**EXERCISE AIM**
Once the line holding "수업을 3일 전, 18시" is found in the entries below, transcribe exactly every line up to and including the one holding "In tranquilla zona", but leave out the pictures.

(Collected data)
========================================
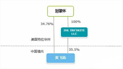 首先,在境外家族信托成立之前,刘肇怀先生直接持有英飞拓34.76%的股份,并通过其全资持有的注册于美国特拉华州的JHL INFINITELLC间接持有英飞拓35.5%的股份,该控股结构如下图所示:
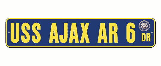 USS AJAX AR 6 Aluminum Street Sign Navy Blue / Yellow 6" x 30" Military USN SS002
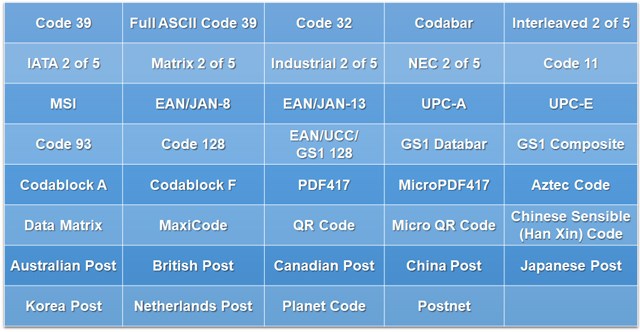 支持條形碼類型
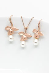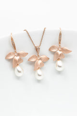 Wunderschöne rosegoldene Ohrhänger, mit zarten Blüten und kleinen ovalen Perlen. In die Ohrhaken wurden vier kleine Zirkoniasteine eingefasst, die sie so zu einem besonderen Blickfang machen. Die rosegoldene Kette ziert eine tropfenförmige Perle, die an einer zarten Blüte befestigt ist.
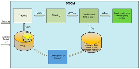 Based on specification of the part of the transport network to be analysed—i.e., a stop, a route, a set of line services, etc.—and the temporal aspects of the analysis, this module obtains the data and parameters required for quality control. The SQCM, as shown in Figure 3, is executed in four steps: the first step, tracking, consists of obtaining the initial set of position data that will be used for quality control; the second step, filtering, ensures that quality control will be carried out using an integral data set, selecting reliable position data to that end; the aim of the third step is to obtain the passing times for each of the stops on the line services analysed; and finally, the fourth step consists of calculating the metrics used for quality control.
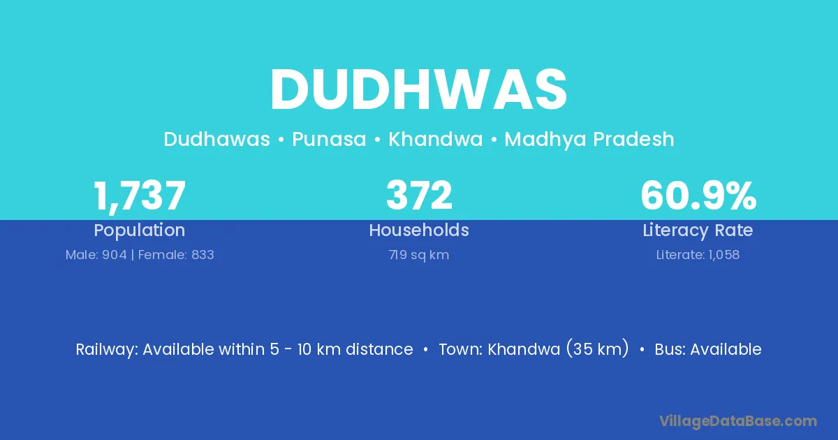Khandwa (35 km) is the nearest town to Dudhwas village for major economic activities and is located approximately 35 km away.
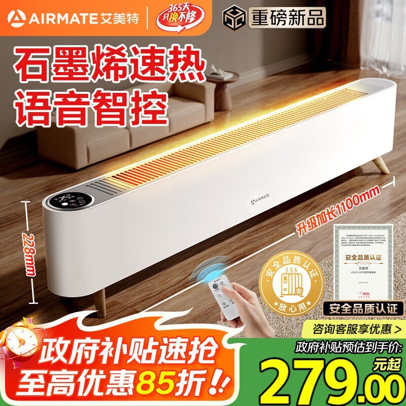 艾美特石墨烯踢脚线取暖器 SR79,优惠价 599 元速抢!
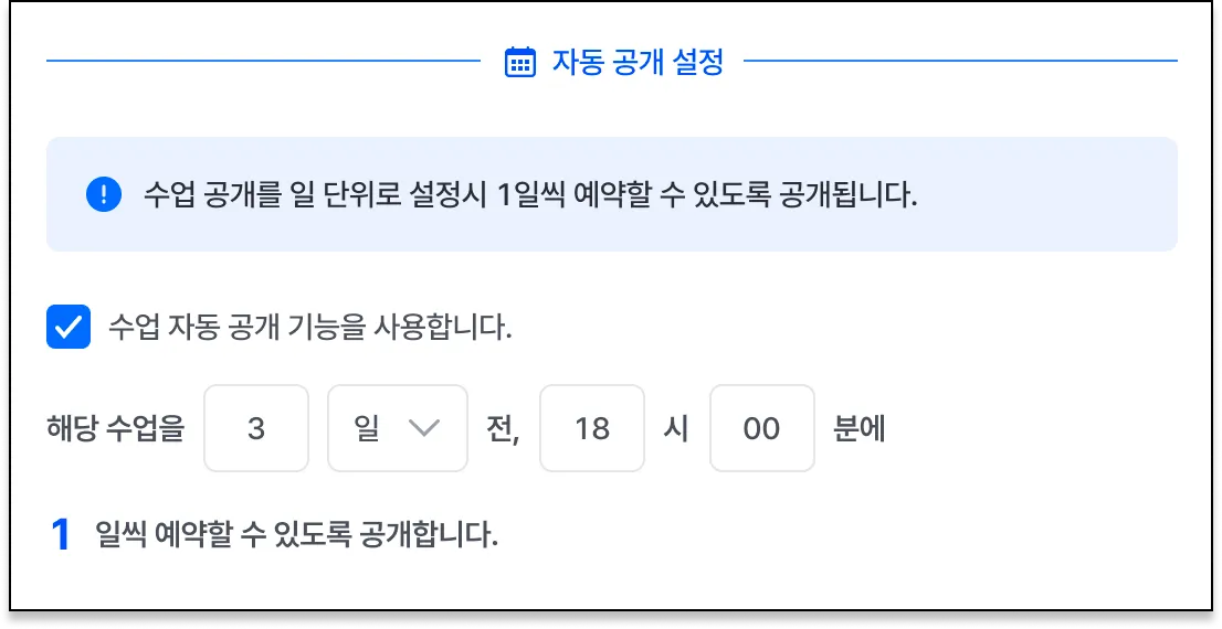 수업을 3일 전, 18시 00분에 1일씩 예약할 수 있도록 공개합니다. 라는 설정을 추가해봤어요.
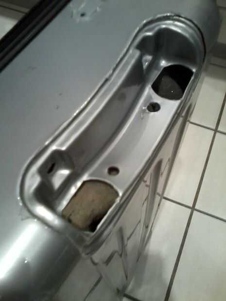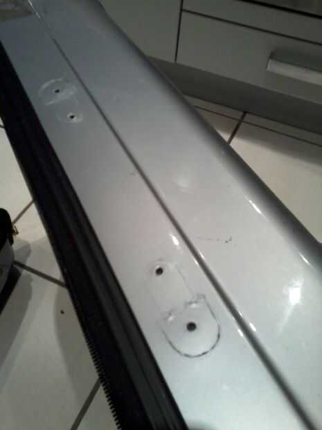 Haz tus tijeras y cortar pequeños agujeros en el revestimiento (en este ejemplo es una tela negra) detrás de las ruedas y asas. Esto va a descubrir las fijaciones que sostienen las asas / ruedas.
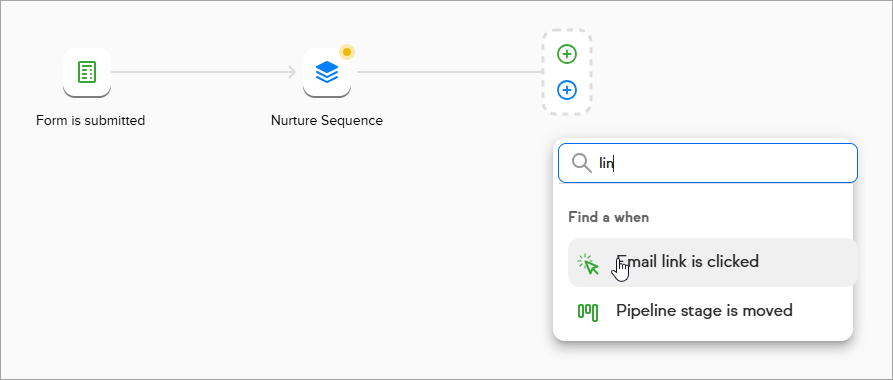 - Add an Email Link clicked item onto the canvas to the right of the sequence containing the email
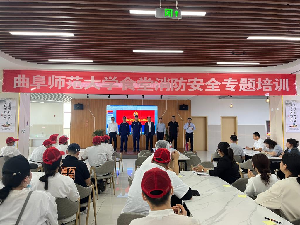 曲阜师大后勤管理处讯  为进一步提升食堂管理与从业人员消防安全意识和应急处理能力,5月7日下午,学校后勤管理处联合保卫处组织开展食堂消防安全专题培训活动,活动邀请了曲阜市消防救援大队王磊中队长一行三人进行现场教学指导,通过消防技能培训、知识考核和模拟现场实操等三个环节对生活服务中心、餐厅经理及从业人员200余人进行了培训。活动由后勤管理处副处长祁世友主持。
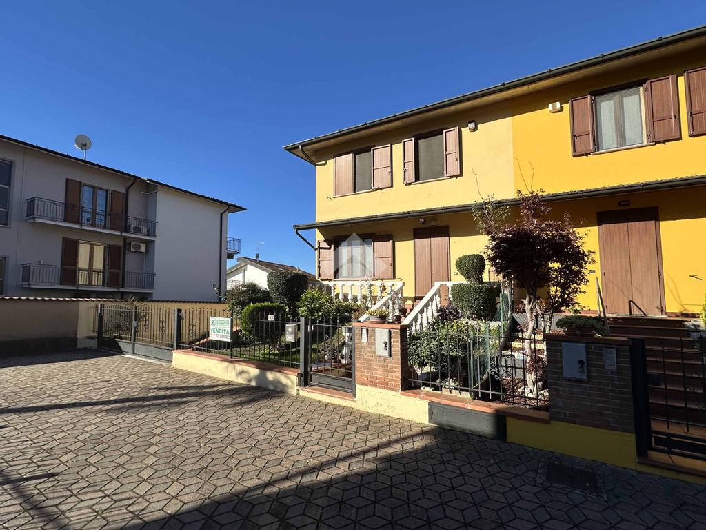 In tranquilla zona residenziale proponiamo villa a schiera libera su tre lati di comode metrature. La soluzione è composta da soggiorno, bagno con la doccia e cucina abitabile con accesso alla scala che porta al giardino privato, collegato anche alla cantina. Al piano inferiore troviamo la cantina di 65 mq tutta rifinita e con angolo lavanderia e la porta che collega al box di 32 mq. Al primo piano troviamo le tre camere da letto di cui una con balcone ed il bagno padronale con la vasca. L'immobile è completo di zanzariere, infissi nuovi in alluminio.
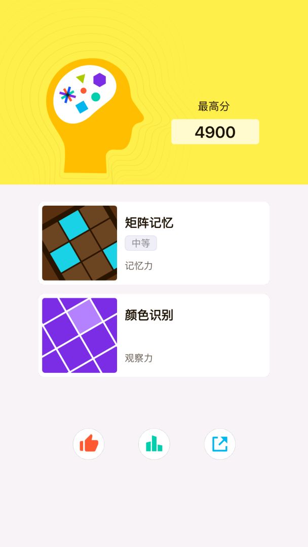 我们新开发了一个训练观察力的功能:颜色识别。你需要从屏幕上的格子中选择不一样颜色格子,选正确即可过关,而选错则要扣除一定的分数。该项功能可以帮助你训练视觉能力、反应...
========================================
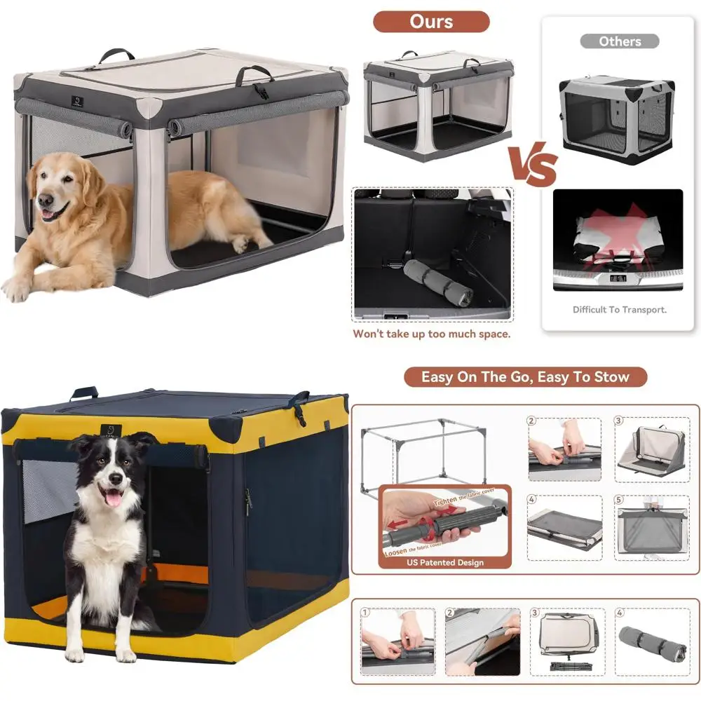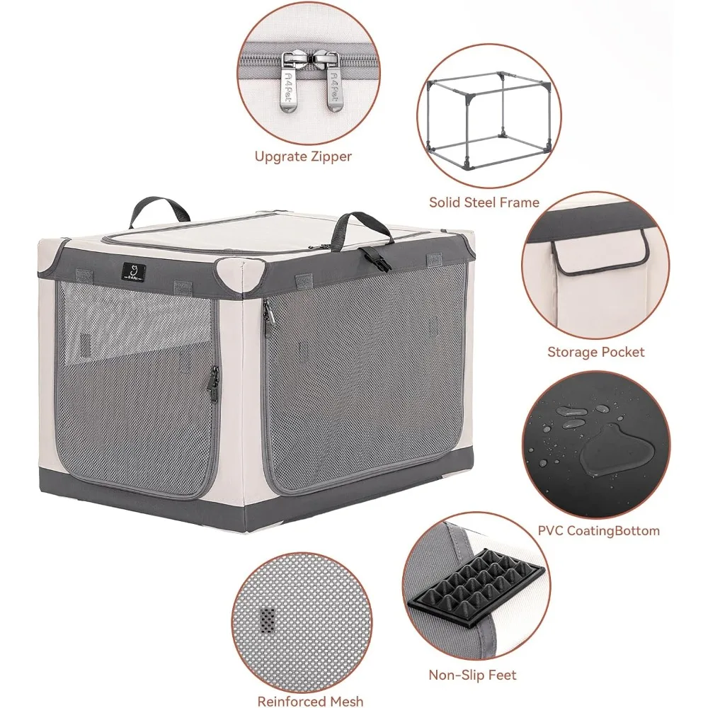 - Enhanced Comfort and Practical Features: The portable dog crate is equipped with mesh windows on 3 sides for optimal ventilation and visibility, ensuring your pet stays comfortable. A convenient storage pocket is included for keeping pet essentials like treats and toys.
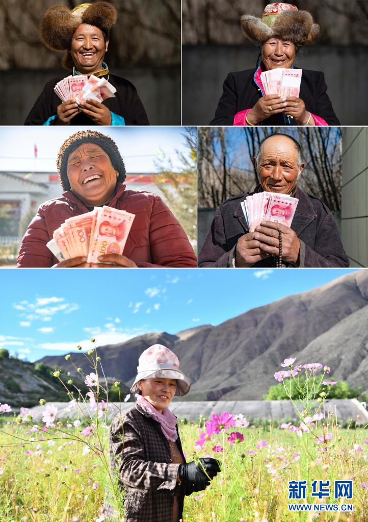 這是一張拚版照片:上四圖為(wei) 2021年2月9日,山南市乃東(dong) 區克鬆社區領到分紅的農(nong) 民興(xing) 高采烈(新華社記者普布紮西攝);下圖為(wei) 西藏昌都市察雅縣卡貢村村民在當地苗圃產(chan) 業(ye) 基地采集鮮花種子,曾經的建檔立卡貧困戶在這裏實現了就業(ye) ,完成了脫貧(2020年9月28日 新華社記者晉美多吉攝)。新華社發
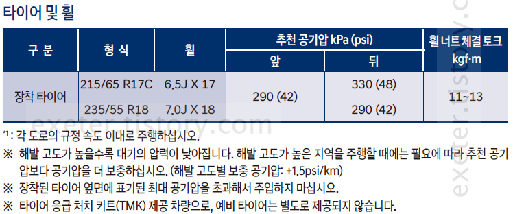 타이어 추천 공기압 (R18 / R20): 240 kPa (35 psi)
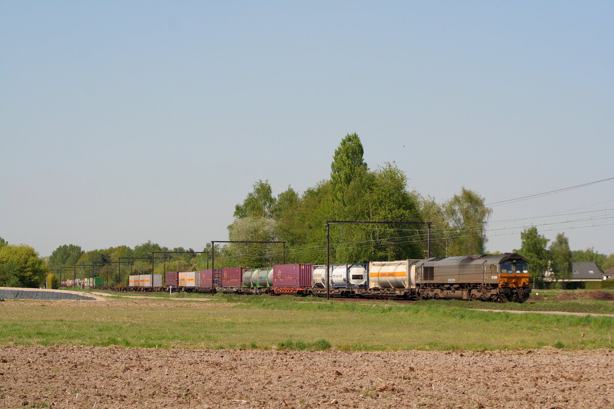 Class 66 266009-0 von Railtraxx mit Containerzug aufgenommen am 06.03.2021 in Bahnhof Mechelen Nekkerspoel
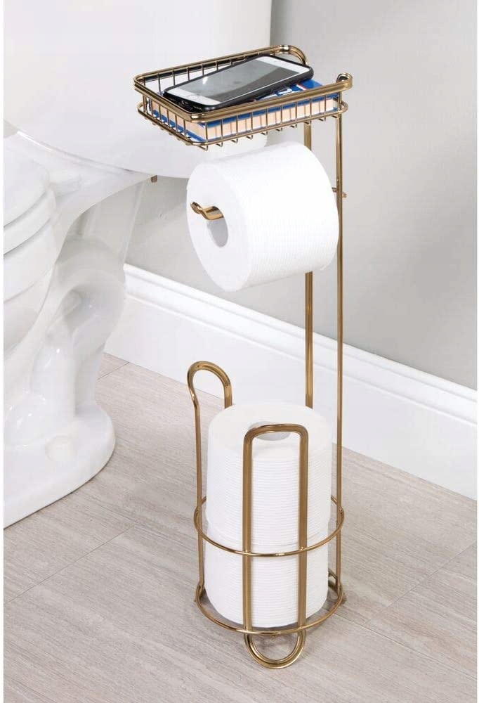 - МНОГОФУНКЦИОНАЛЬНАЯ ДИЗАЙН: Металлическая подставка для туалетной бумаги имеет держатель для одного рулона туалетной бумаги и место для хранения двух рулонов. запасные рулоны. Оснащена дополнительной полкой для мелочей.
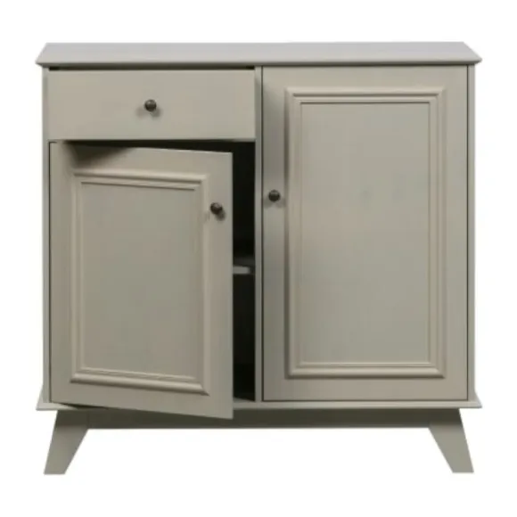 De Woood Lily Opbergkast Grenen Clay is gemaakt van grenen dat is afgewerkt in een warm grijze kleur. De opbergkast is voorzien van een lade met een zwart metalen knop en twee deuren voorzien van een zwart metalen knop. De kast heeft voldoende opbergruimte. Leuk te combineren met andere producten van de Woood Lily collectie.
========================================
**EXERCISE SOLUTION**
 수업을 3일 전, 18시 00분에 1일씩 예약할 수 있도록 공개합니다. 라는 설정을 추가해봤어요.
 Haz tus tijeras y cortar pequeños agujeros en el revestimiento (en este ejemplo es una tela negra) detrás de las ruedas y asas. Esto va a descubrir las fijaciones que sostienen las asas / ruedas.
 - Add an Email Link clicked item onto the canvas to the right of the sequence containing the email
 曲阜师大后勤管理处讯  为进一步提升食堂管理与从业人员消防安全意识和应急处理能力,5月7日下午,学校后勤管理处联合保卫处组织开展食堂消防安全专题培训活动,活动邀请了曲阜市消防救援大队王磊中队长一行三人进行现场教学指导,通过消防技能培训、知识考核和模拟现场实操等三个环节对生活服务中心、餐厅经理及从业人员200余人进行了培训。活动由后勤管理处副处长祁世友主持。
 In tranquilla zona residenziale proponiamo villa a schiera libera su tre lati di comode metrature. La soluzione è composta da soggiorno, bagno con la doccia e cucina abitabile con accesso alla scala che porta al giardino privato, collegato anche alla cantina. Al piano inferiore troviamo la cantina di 65 mq tutta rifinita e con angolo lavanderia e la porta che collega al box di 32 mq. Al primo piano troviamo le tre camere da letto di cui una con balcone ed il bagno padronale con la vasca. L'immobile è completo di zanzariere, infissi nuovi in alluminio.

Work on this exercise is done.